> [PROBLEM STATEMENT]:
Only the lines from the beginning of the entries through the one that holds "为深入学习贯彻习近平总书记关" may appear in the answer, written out exactly and free of pictures.

Collection entries
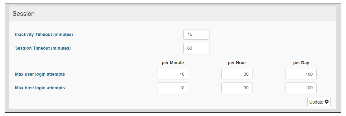 | Session Timeout (minutes) |
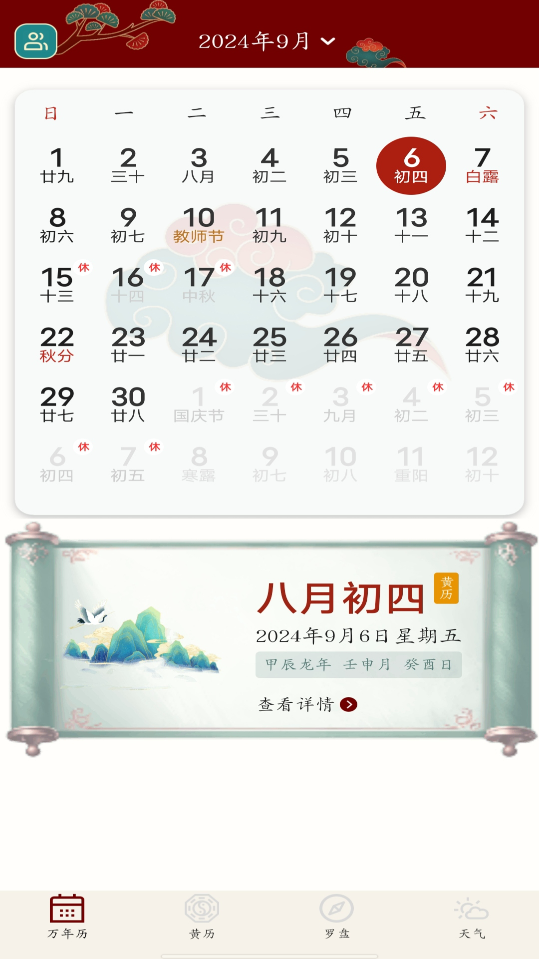 这里有着非常详尽的日历相关信息,像公历、农历的日期,还有各个节气以及节假日等内容,一应俱全。
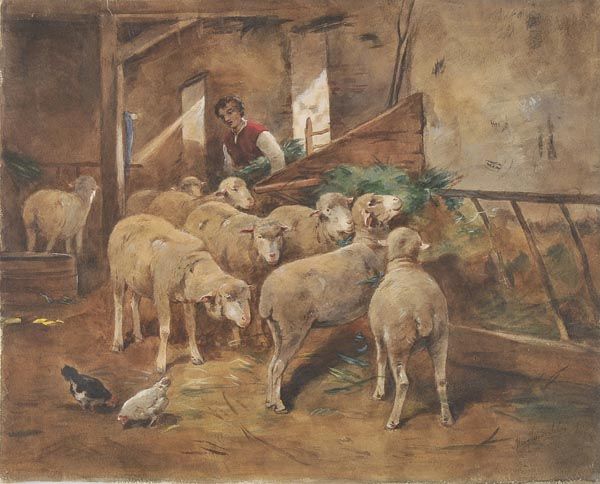 Farmer’s Boy and Sheep in a Barn
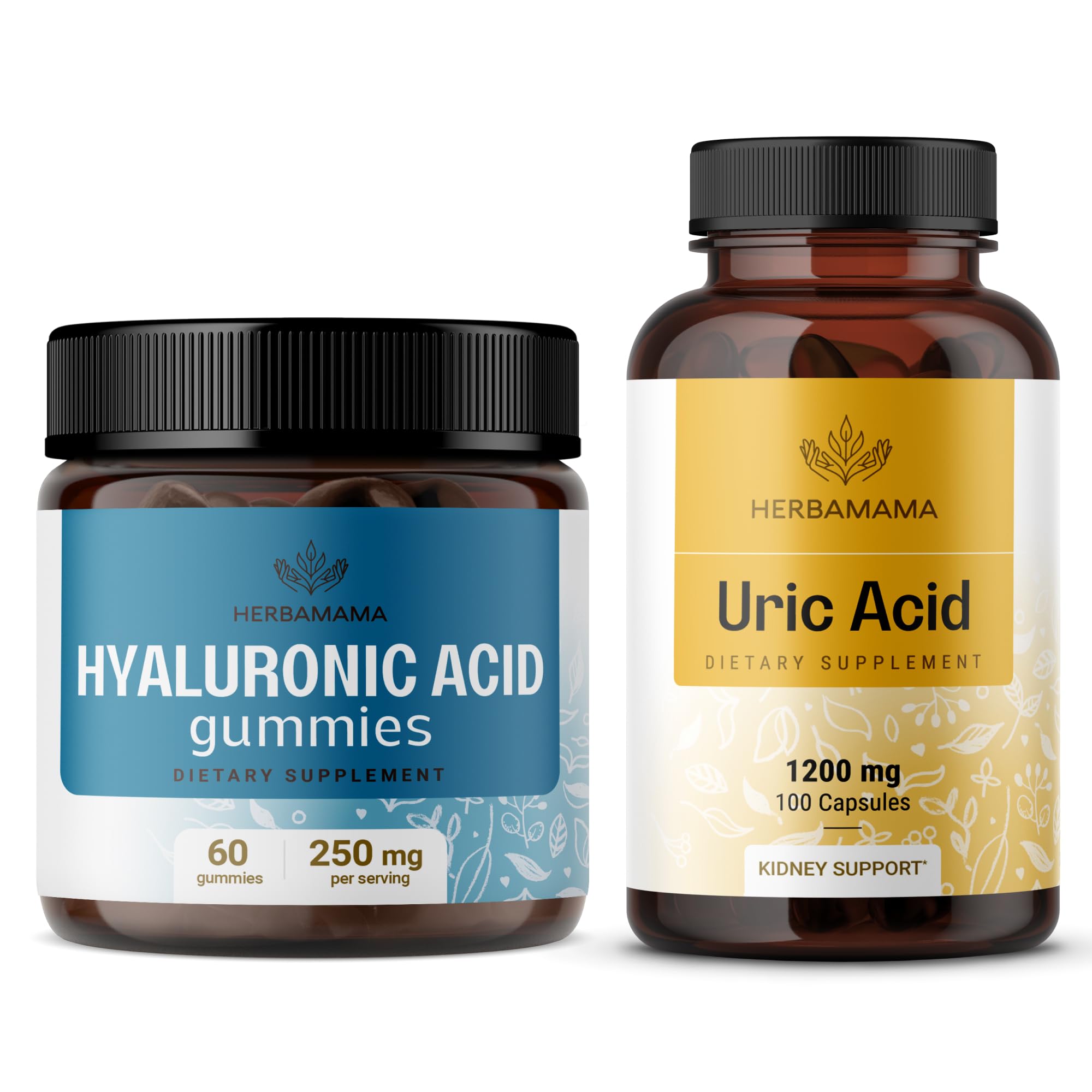 HERBAMAMA Hyaluronic Acid and Uric Acid Support Kit - Bundle of 250mg Hyaluronic Acid Gummies & 1200mg Uric Acid Support Capsules - Vegan Non-GMO - 2 Pack
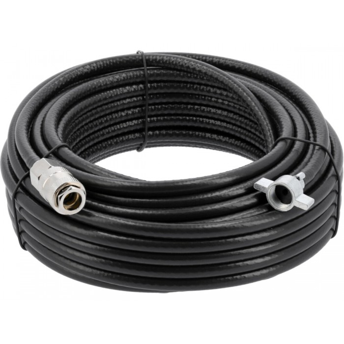 Професійний гнучкий шланг для стисненого повітря. Адаптований до автомобілів з повітряним компресором. Використовується для перекачування та продування в автобусах, вантажівках, напівпричепах, сільськогосподарських тракторах тощо. Кабель завершується роз’ємами з обох сторін. З одного боку він закінчується наконечником-метеликом з внутрішньою різьбою M16x1,5 мм, адаптованим до автомобільних компресорів. З іншого боку, універсальний металевий швидкісний з’єднувач, що дозволяє підключати різні пневматичні пристрої та інструменти, наприклад, пістолети для продування. Шланг складається з трьох шарів. Внутрішня частина виготовлена з м'якого ПВХ і щільного, текстильного армуючого поліефірного обплетення. Зовнішній шар з атмосферостійкого ПВХ. зовнішній діаметр: 10 мм внутрішній діаметр: 6 мм робочий тиск: 1,0 МПа (10 атм) при температурі навколишнього середовища 23 ° С тиск розриву: 3,5 МПа (35 атм) при температурі навколишнього середовища 23 °C безпечний діапазон робочих температур: від -20 °C до 60 °C вага: 0,5 кг
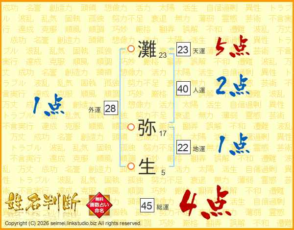 生活面を象徴する運勢です。外部から受ける影響力を表し、結婚運、家庭運や職場、環境への順応性を表します。総運から人運を引いた画数。姓や名が1文字の場合を除く。
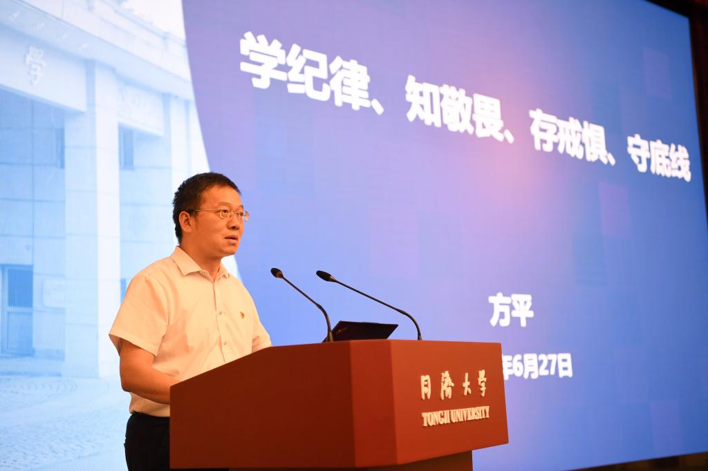 为深入学习贯彻习近平总书记关于全面加强党的纪律建设的重要论述,引导教育全校党员干部学纪、知纪、明纪、守纪,推动党纪学习教育走深走实,同济大学于6月27日召开党纪学习教育警示教育会。会议通报了教育系统和本校违纪违法典型案例和学校近期纪律审查工作情况,要求全校党员干部以案为戒、以案明纪,切实把遵规守纪内化为思想自觉和行动自觉。校党委书记方守恩主持会议并讲话,校党委副书记、纪委书记、监察专员方平作警示教育报告。
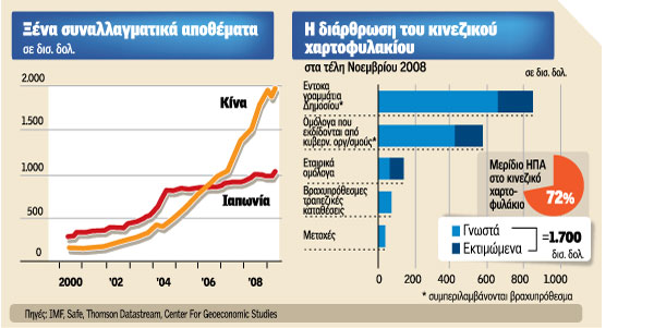Καθώς η κινεζική οικονομία επιβραδύνεται απότομα, η συζήτηση για το ποια θα ήταν η καλύτερη διαχείριση των συναλλαγματικών αποθεμάτων παίρνει φωτιά. Κάποιοι προτείνουν να δαπανηθούν τα χρήματα στην εγχώρια αγορά. Αλλοι επιθυμούν επενδύσεις με μεγαλύτερη ποικιλία. Ολοι, όμως, τάσσονται «κατά» της ανακύκλωσής τους σε αμερικανικά αξιόγραφα. Η συζήτηση αυτή έχει μεγάλη σημασία για την κυβέρνηση Ομπάμα. Ιδιαίτερα δε από τη στιγμή που η κινεζική κυβέρνηση αποφασίσει να εκμεταλλευτεί τα συναλλαγματικά της αποθέματα για να αποκτήσει επιρροή στη χάραξη της αμερικανικής οικονομικής πολιτικής.

> [ANSWER BELOW]:
 | Session Timeout (minutes) |
 这里有着非常详尽的日历相关信息,像公历、农历的日期,还有各个节气以及节假日等内容,一应俱全。
 Farmer’s Boy and Sheep in a Barn
 HERBAMAMA Hyaluronic Acid and Uric Acid Support Kit - Bundle of 250mg Hyaluronic Acid Gummies & 1200mg Uric Acid Support Capsules - Vegan Non-GMO - 2 Pack
 Професійний гнучкий шланг для стисненого повітря. Адаптований до автомобілів з повітряним компресором. Використовується для перекачування та продування в автобусах, вантажівках, напівпричепах, сільськогосподарських тракторах тощо. Кабель завершується роз’ємами з обох сторін. З одного боку він закінчується наконечником-метеликом з внутрішньою різьбою M16x1,5 мм, адаптованим до автомобільних компресорів. З іншого боку, універсальний металевий швидкісний з’єднувач, що дозволяє підключати різні пневматичні пристрої та інструменти, наприклад, пістолети для продування. Шланг складається з трьох шарів. Внутрішня частина виготовлена з м'якого ПВХ і щільного, текстильного армуючого поліефірного обплетення. Зовнішній шар з атмосферостійкого ПВХ. зовнішній діаметр: 10 мм внутрішній діаметр: 6 мм робочий тиск: 1,0 МПа (10 атм) при температурі навколишнього середовища 23 ° С тиск розриву: 3,5 МПа (35 атм) при температурі навколишнього середовища 23 °C безпечний діапазон робочих температур: від -20 °C до 60 °C вага: 0,5 кг
 生活面を象徴する運勢です。外部から受ける影響力を表し、結婚運、家庭運や職場、環境への順応性を表します。総運から人運を引いた画数。姓や名が1文字の場合を除く。
 为深入学习贯彻习近平总书记关于全面加强党的纪律建设的重要论述,引导教育全校党员干部学纪、知纪、明纪、守纪,推动党纪学习教育走深走实,同济大学于6月27日召开党纪学习教育警示教育会。会议通报了教育系统和本校违纪违法典型案例和学校近期纪律审查工作情况,要求全校党员干部以案为戒、以案明纪,切实把遵规守纪内化为思想自觉和行动自觉。校党委书记方守恩主持会议并讲话,校党委副书记、纪委书记、监察专员方平作警示教育报告。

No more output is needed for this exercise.